03/04/2026

A população de Paranaguá não merecia passar tantos anos sem o Desfiles das Escolas de Samba.

Por Joel Mattanó

Paranaguá resistiu em silêncio até o samba voltar à avenida.

Para quem ama o Carnaval, esse período foi marcado por tristeza, silêncio e saudade. Enquanto outras cidades, muitas vezes de menor expressão cultural e histórica, mantinham viva a tradição carnavalesca, Paranaguá uma cidade rica em cultura, identidade e história assistia de fora, sem entender por que o seu Carnaval havia sido interrompido.

O vazio deixado pela ausência dos desfiles das Escolas de Samba em Paranaguá

Foram anos difíceis para sambistas, comunidades e apaixonados pelas escolas de samba. Pessoas que passam o ano inteiro esperando esse momento, que vivem o Carnaval muito além de fevereiro, sentiram a dor de não ver suas cores na avenida, seus sambas ecoando, suas bandeiras tremulando. Faltava o brilho, faltava o batuque, faltava a emoção que só o desfile das escolas de samba é capaz de proporcionar.

O Carnaval é mais do que festa: é pertencimento, é memória, é resistência cultural. Em uma cidade turística como Paranaguá, com tradição reconhecida e que sempre atraiu visitantes de todo o Paraná para assistir aos desfiles, a ausência do evento representou uma perda cultural e emocional para toda a população.
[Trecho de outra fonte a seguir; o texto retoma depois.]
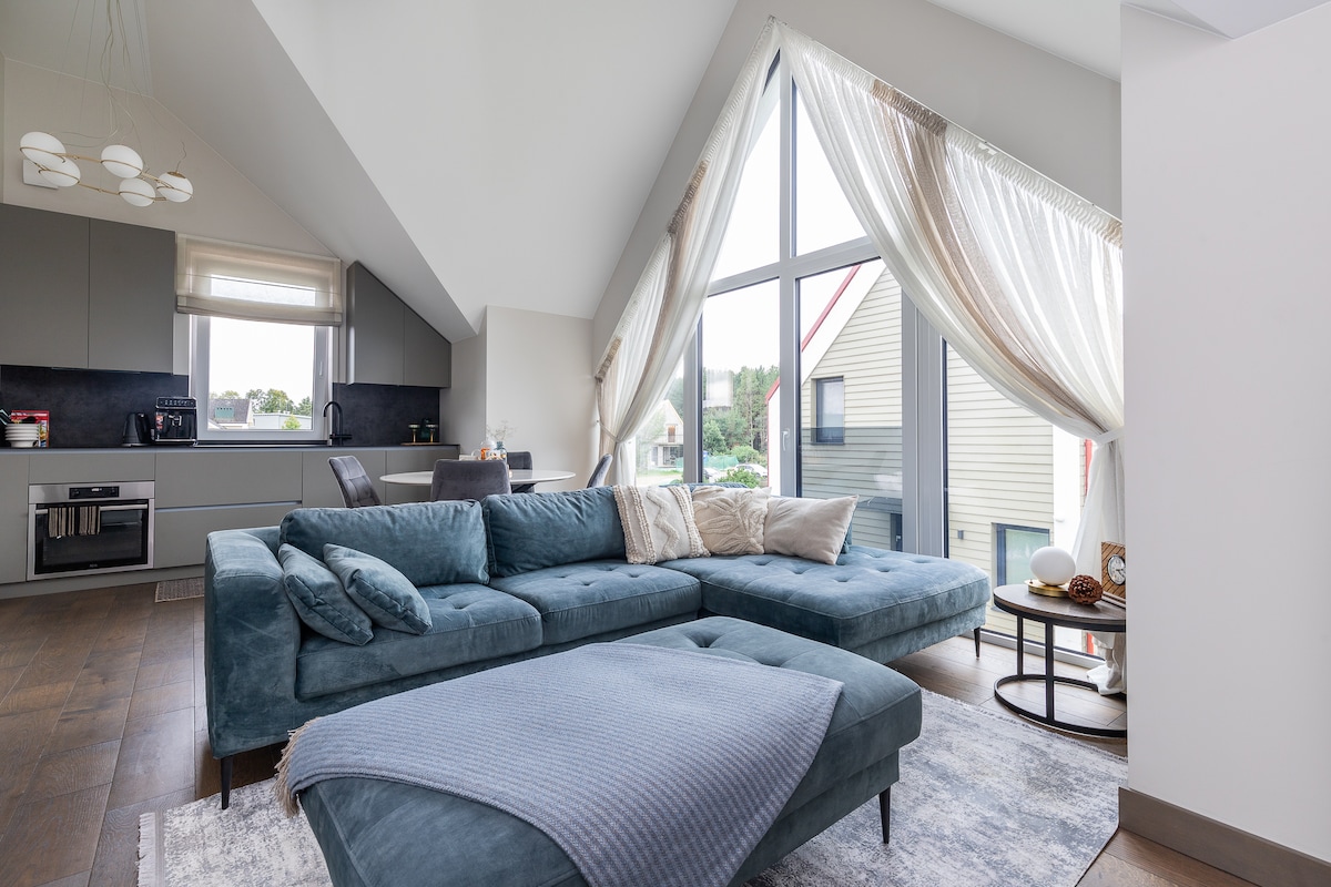 A beautiful penthouse apartment by the sea for couples and friends on the second floor in a building that has only two apartments. A modern and fully equipped apartment with panoramic windows facing West is a great choice for couples or friends to explore the Lithuanian seaside or a perfect spot for a relaxing holiday by the beach. The spacious open-plan living, kitchen and dining area with floor to ceiling windows certainly offers the Wow factor.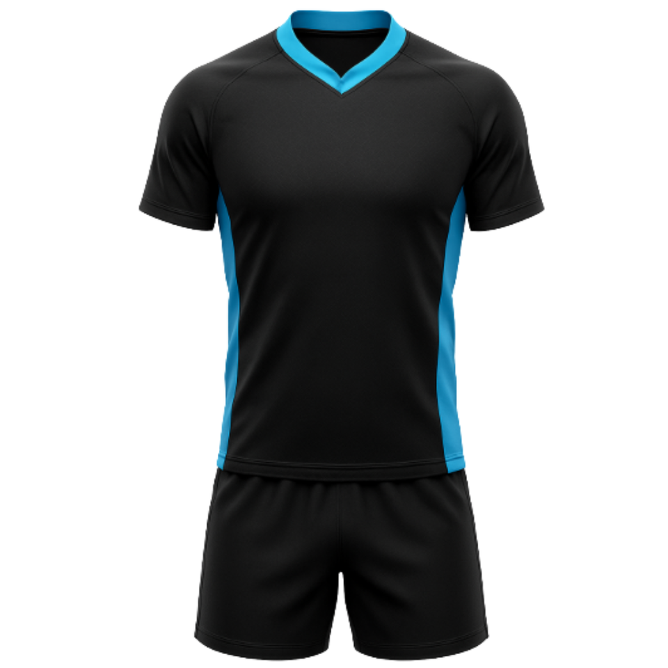 Uniforme de rugby pour hommes personnalisé de haute qualité - Ensemble de maillot d'équipe sublimé noir et cyan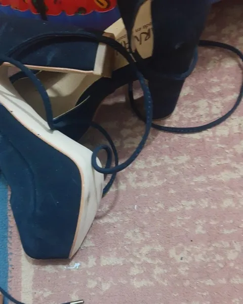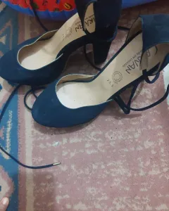 Zapatillas de gamuza color negro , talla 5.5 tacón del 13 , solo se usaron una vez.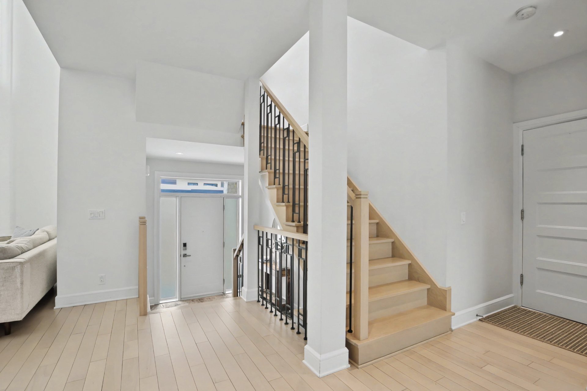 Le rez-de-chaussée à aire ouverte met en valeur une cuisine contemporaine avec beaucoup de rangement et un salon spectaculaire avec plafond de 18 pieds, offrant un effet « coup de coeur » immédiat.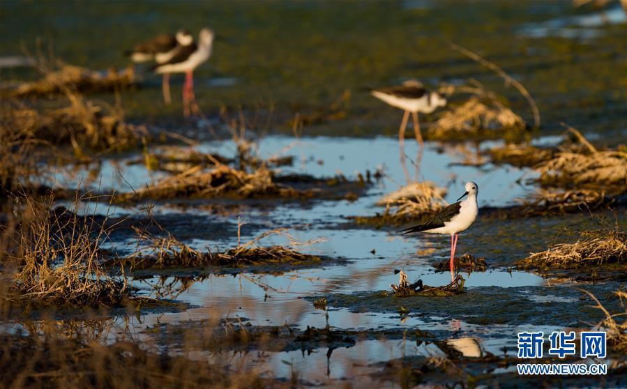 7月28日,長腳鷸在桃力廟—阿拉善灣海子覓食。鄂爾多斯?jié)竦匚挥趲觳箭R沙漠、毛烏素沙地接壤地帶,2002年被列入國際重要濕地名錄。從2006年開始,由于濕地湖面萎縮、湖心島消失,在此筑巢繁殖的世界瀕危物種遺鷗幾近消失。近年來,當?shù)夭扇《喾N治理措施,濕地生態(tài)環(huán)境逐步好轉(zhuǎn)。2019年起,濕地內(nèi)的桃力廟—阿拉善灣海子迎來遺鷗大規(guī)?!盎貧w”。如今,40多種鳥類在此棲息,鄂爾多斯?jié)竦刂匦鲁蔀轼B類的樂園。新華社記者連振攝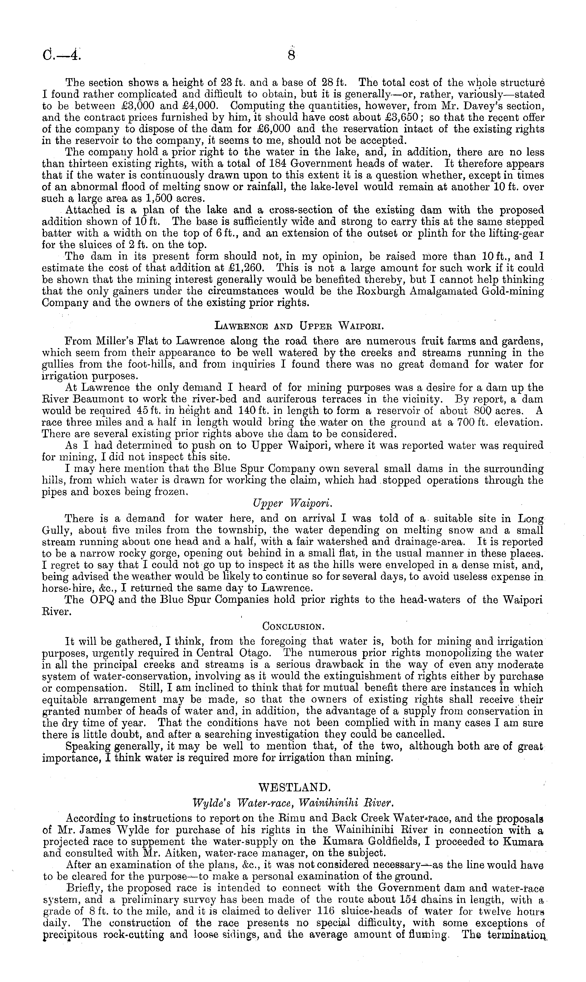 The section shows a height of 23 ft. and a base of 28 ft. The total cost of the whole structure I found rather complicated and difficult to obtain, but it is generally—or, rather, variously—stated to be between £3,000 and £4,000. Computing the quantities, however, from Mr. Davey's section, and the contract prices furnished by him, it should have cost about £3,650; so that the recent offer of the company to dispose of the dam for £6,000 and the reservation intact of the existing rights in the reservoir to the company, it seems to me, should not be accepted. The company hold a prior right to the water in the lake, and, in addition, there are no less than thirteen existing rights, with a total of 184 Government heads of water. It therefore appears that if the water is continuously drawn upon to this extent it is a question whether, except in times of an abnormal flood of melting snow or rainfall, the lake-level would remain at another 10 ft. over such a large area as 1,500 acres. Attached is a plan of the lake and a cross-section of the existing dam with the proposed addition shown of 10 ft. The base is sufficiently wide and strong to carry this at the same stepped batter with a width on the top of 6 ft., and an extension of the outset or plinth for the lifting-gear for the sluices of 2 ft. on the top. The dam in its present form should not, in my opinion, be raised more than 10 ft., and I estimate the cost of that addition at £1,260. This is not a large amount for such work if it could be shown that the mining interest generally would be benefited thereby, but I cannot help thinking that the only gainers under the circumstances would be the Eoxburgh Amalgamated Gold-mining Company and the owners of the existing prior rights. Laweence and Upper Waipoei. Prom Miller's Flat to Lawrence along the road there are numerous fruit farms and gardens, which seem from their appearance to be well watered by the creeks and streams running in the gullies from the foot-hills, and from inquiries I found there was no great demand for water for irrigation purposes. At Lawrence the only demand I heard of for mining purposes was a desire for a dam up the Eiver Beaumont to work the river-bed and auriferous terraces in the vicinity. By report, a dam would be required 45 ft. in height and 140 ft. in length to form a reservoir of about 800 acres. A race three miles and a half in length would bring the water on the ground at a 700 ft. elevation. There are several existing prior rights above the dam to be considered. As I had determined to push on to Upper Waipori, where it was reported water was required for mining, I did not inspect this site. I may here mention that the Blue Spur Company own several small dams in the surrounding hills, from which water is drawn for working the claim, which had stopped operations through the pipes and boxes being frozen. Upper Waipori. There is a demand for water here, and on arrival I was told of a suitable site in Long Gully, about five miles from the township, the water depending on melting snow and a small stream running about one head and a half, with a fair watershed and drainage-area. It is reported to be a narrow rocky gorge, opening out behind in a small flat, in the usual manner in these places. I regret to say that I could not go up to inspect it as the hills were enveloped in a dense mist, and, being advised the weather would be likely to continue so for several days, to avoid useless expense in horse-hire, &c, I returned the same day to Lawrence. The OPQ and the Blue Spur Companies hold prior rights to the head-waters of the Waipori Eiver. Conclusion. It will be gathered, I think, from the foregoing that water is, both for mining and irrigation purposes, urgently required in Central Otago. The numerous prior rights monopolizing the water in all the principal creeks and streams is a serious drawback in the way of even any moderate system of water-conservation, involving as it would the extinguishment of rights either by purchase or compensation. Still, lam inclined to think that for mutual benefit there are instances in which equitable arrangement may be made, so that the owners of existing rights shall receive their granted number of heads of water and, in addition, the advantage of a supply from conservation in the dry time of year. That the conditions have not been complied with in many cases lam sure there is little doubt, and after a searching investigation they could be cancelled. Speaking generally, it may be well to mention that, of the two, although both are of great importance, I think water is required more for irrigation than mining. WESTLAND. Wylde's Water-race, Wainihinihi River. According to instructions to report on the Eimu and Back Creek and the proposals of Mr. James Wylde for purchase of his rights in the Wainihinihi River in connection with a projected race to suppement the water-supply on the Kumara Goldfields, I proceeded to Kumara and consulted with Mr. Aitken, water-race manager, on the subject. After an examination of the plans, &c, it was not considered necessary---as the line would have to be cleared for the purpose —to make a personal examination of the ground. Briefly, the proposed race is intended to connect with the Government dam and water-race system, and a preliminary survey has been made of the route about 154 chains in length, with a grade of 8 ft. to the mile, and it is claimed to deliver 116 sluice-heads of Water for twelve hours daily. The construction of the race presents no special difficulty, with some exceptions of precipitous rock-cutting and loose sidings, and the average amount of fluaing. The termination..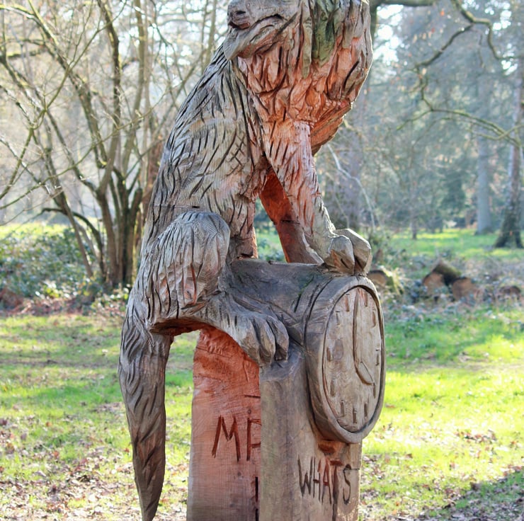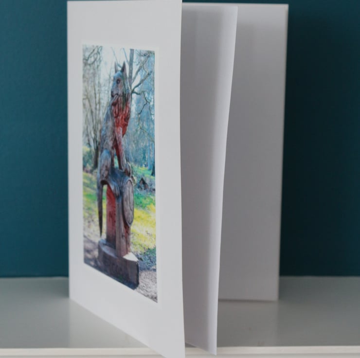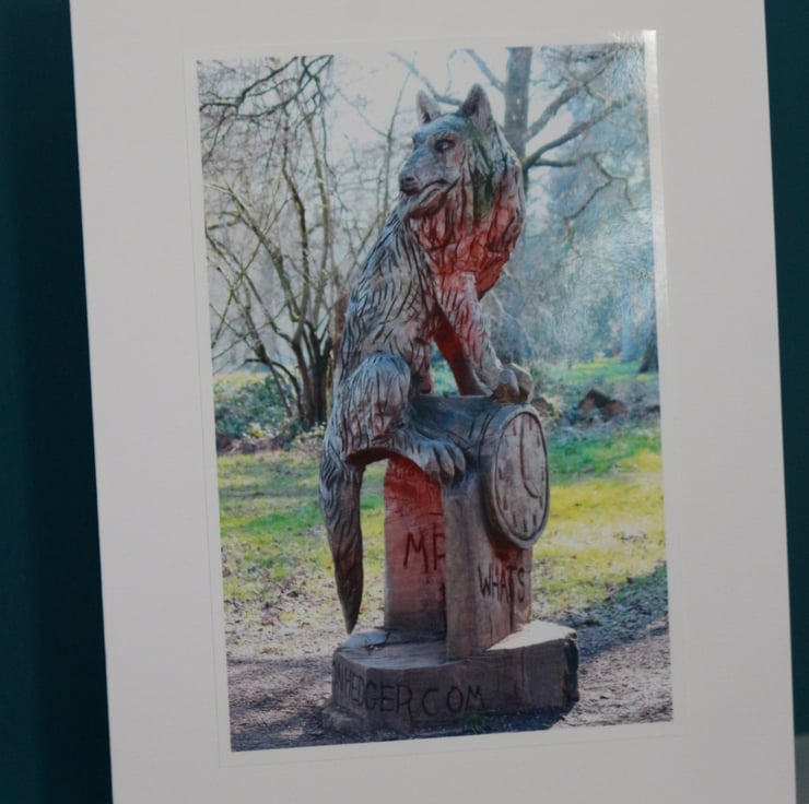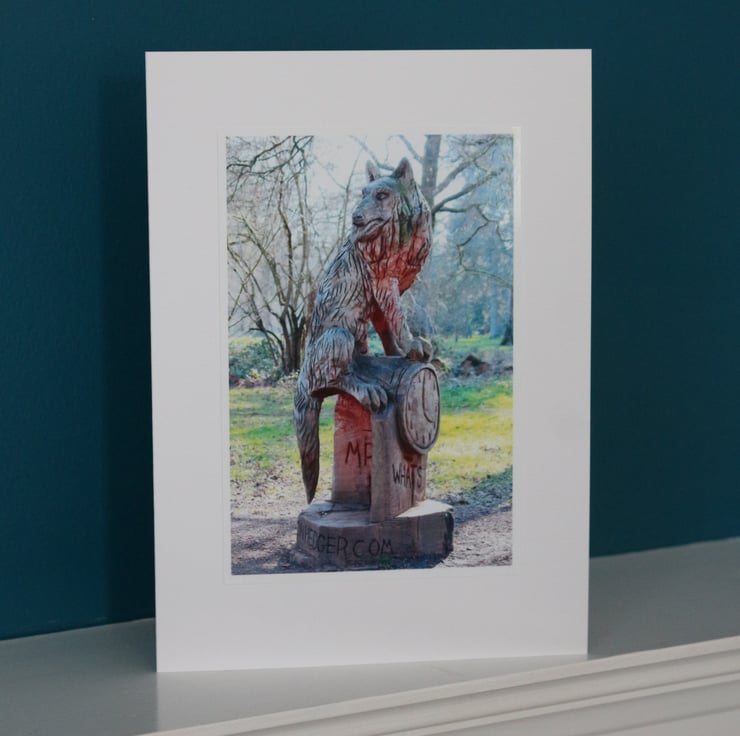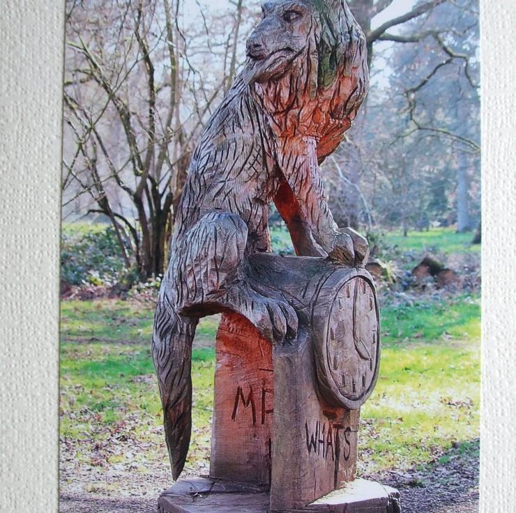 6" x 4" portrait photo of " What Time is it ?, Mr.Wolf". A large chain-saw art sculpture in Westonbirt Arboretum, Gloucestershire. The photo is mounted portrait on white textured card, has a white narrow border, with a blank white inner; left plain for your own personal message. An envelope is also included.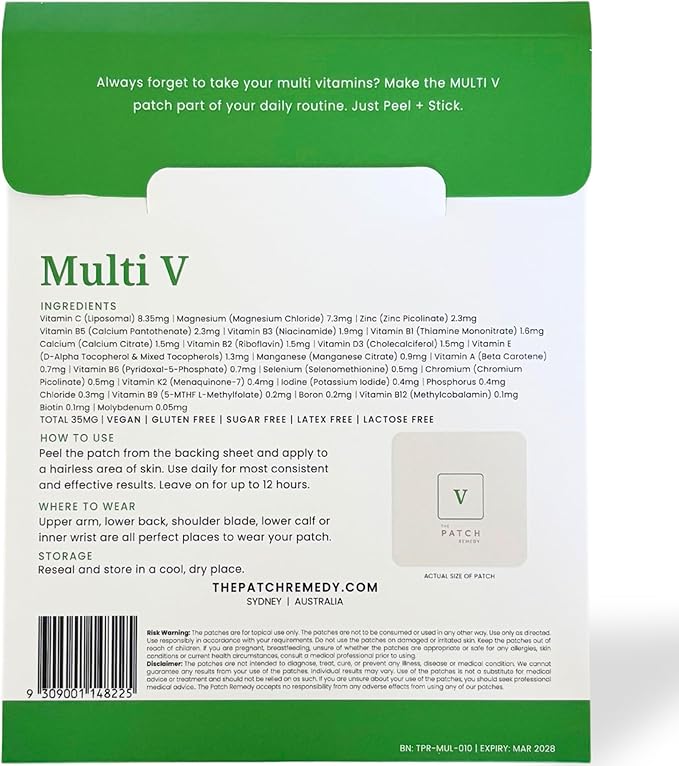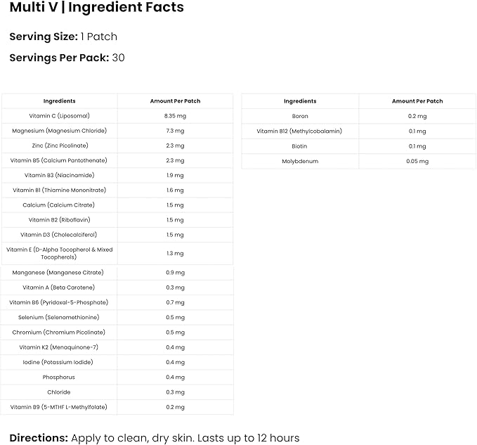 Multi V Patches - Topical Multi Plus Blend with D3, K2, Magnesium Chloride, Zinc, Liposomal C, Potassium, Iodide, Biotin Plus More | Nutrient Patch for Women & Men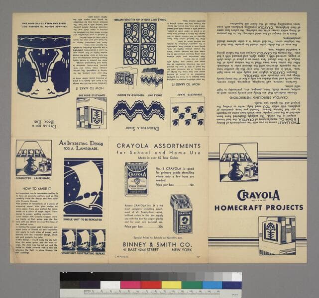 One manufacturer's advertisement entitled 'Crayograph': The Original Pressed Crayon, published by The American Crayon Company, Sandusky, Ohio, 1931. The leaflet is 8 numbered pages in length and is made from a single sheet, folded into fourths. It is illustrated with blue and green images, and contains suggestions for various craft projects using Prang Crayograph crayons.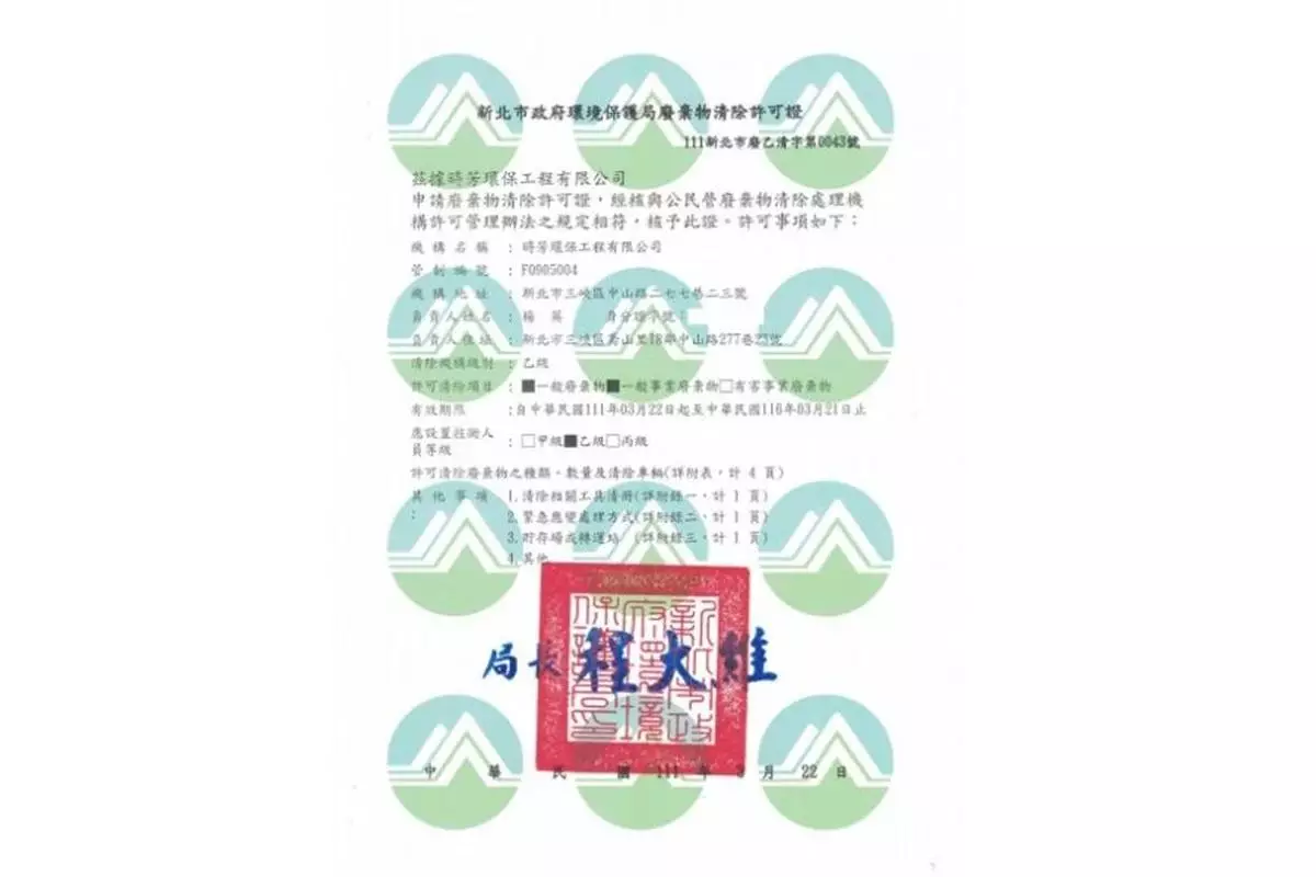 時芳環保工程獲新北市政府正式核准,擁有乙級廢棄物清除資格(許可證號:111新北市廢乙清字第0043號),專業資質是我們服務的保障。我們深耕北台灣市場,提供涵蓋台北市、新北市、基隆市以及桃園、新竹地區的全方位廢棄物清運服務。從公司行號、一般住宅、社區大樓到大型建案工程,我們皆能妥善應對,秉持效率高、品質佳的服務標準。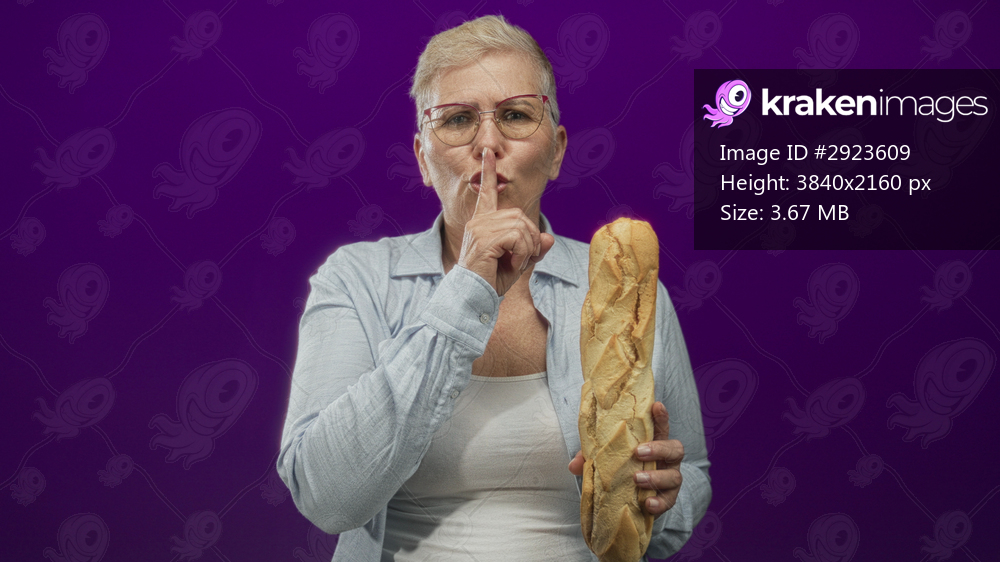 Middle age woman holding a baguette, finger to lips for silence, wearing glasses and white tank top in purple studio; silence secret.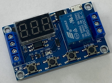 Программируемое реле времени имеет несколько режимов работы, чтобы сменить режим, необходимо зажать кнопку SET на 1 секунду и отпустить, теперь используя кнопки UP (верх) и DOWN (вниз) выбираем необходимый режим и подтверждаем выбор коротким нажатием кнопки SET.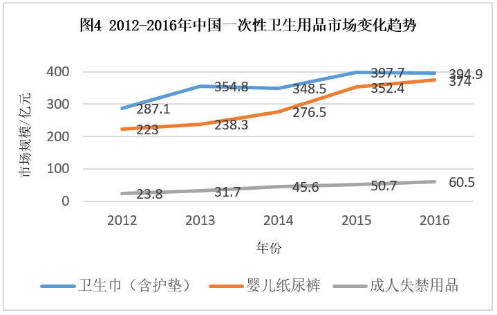 2)一次性衛生用品強大的市場需求量與快速增長率。根據中國造紙協會生活用紙專業委員會統計,2016年我國一次性衛生用品市場規模已達到829.4億元,據行業預測:到2020年僅衛生巾(含護墊)的市場規模將達到611.0億元。

Após seis anos, essa espera chega ao fim. No dia 15 de fevereiro (domingo), a partir das 20h, na Rua da Praia, Paranaguá volta a pulsar no ritmo do samba com o retorno oficial do desfile das escolas de samba.

O evento é realizado pela Prefeitura de Paranaguá, por meio da Secretaria Municipal de Cultura e Turismo (Secultur), em parceria com a Associação das Escolas de Samba de Paranaguá (AESP).

Quatro escolas entram na avenida para disputar o título e, principalmente, para devolver à cidade aquilo que nunca deveria ter sido tirado: União da Ilha dos Valadares, Leão da Estradinha, Unidos da Ponta do Caju e Filhos da Gaviões.

As agremiações vivem um período intenso de preparação, com sambas-enredo, ensaios constantes e comunidades mobilizadas. Cada fantasia costurada, cada passo ensaiado e cada batida de tambor carregam anos de espera, de esperança e de amor.

O amor que entra na avenida

Representar uma escola de samba não é apenas desfilar. É carregar no peito a história da comunidade, é honrar quem veio antes, é transformar suor em brilho e saudade em alegria. É esperar o ano inteiro por alguns minutos na avenida, onde o coração bate no compasso da bateria e a emoção toma conta de quem desfila e de quem assiste.

Quando a escola entra, não é só samba que passa, passa a vida de quem nunca deixou de acreditar no Carnaval de Paranaguá.